## Dataset records

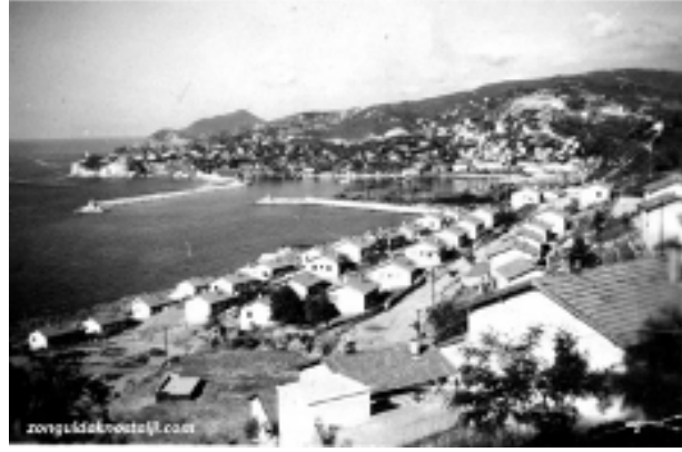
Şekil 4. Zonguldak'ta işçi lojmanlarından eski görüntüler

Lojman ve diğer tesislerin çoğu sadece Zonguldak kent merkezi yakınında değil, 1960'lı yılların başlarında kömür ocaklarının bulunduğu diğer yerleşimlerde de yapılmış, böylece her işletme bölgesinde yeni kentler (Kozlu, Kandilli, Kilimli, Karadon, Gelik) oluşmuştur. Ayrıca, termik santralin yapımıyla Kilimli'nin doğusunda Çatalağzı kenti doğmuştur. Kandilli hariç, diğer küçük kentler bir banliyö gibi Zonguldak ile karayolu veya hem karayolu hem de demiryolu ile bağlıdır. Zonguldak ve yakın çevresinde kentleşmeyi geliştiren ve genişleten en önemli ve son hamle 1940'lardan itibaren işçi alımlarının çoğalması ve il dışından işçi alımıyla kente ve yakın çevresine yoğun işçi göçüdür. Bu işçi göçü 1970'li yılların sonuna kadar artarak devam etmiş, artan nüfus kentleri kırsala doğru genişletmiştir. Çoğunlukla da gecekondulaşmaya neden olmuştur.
---
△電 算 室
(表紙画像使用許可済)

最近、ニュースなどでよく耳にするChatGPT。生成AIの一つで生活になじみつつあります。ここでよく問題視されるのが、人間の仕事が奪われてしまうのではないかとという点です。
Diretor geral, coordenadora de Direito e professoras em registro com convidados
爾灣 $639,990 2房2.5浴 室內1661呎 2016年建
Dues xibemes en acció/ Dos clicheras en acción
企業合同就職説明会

## About this task
From the entries above, return exactly the line containing "Şekil 4. Zonguldak'ta", the line containing "Lojman ve diğer", and all lines between, and nothing else.

## The completed task
Şekil 4. Zonguldak'ta işçi lojmanlarından eski görüntüler

Lojman ve diğer tesislerin çoğu sadece Zonguldak kent merkezi yakınında değil, 1960'lı yılların başlarında kömür ocaklarının bulunduğu diğer yerleşimlerde de yapılmış, böylece her işletme bölgesinde yeni kentler (Kozlu, Kandilli, Kilimli, Karadon, Gelik) oluşmuştur. Ayrıca, termik santralin yapımıyla Kilimli'nin doğusunda Çatalağzı kenti doğmuştur. Kandilli hariç, diğer küçük kentler bir banliyö gibi Zonguldak ile karayolu veya hem karayolu hem de demiryolu ile bağlıdır. Zonguldak ve yakın çevresinde kentleşmeyi geliştiren ve genişleten en önemli ve son hamle 1940'lardan itibaren işçi alımlarının çoğalması ve il dışından işçi alımıyla kente ve yakın çevresine yoğun işçi göçüdür. Bu işçi göçü 1970'li yılların sonuna kadar artarak devam etmiş, artan nüfus kentleri kırsala doğru genişletmiştir. Çoğunlukla da gecekondulaşmaya neden olmuştur.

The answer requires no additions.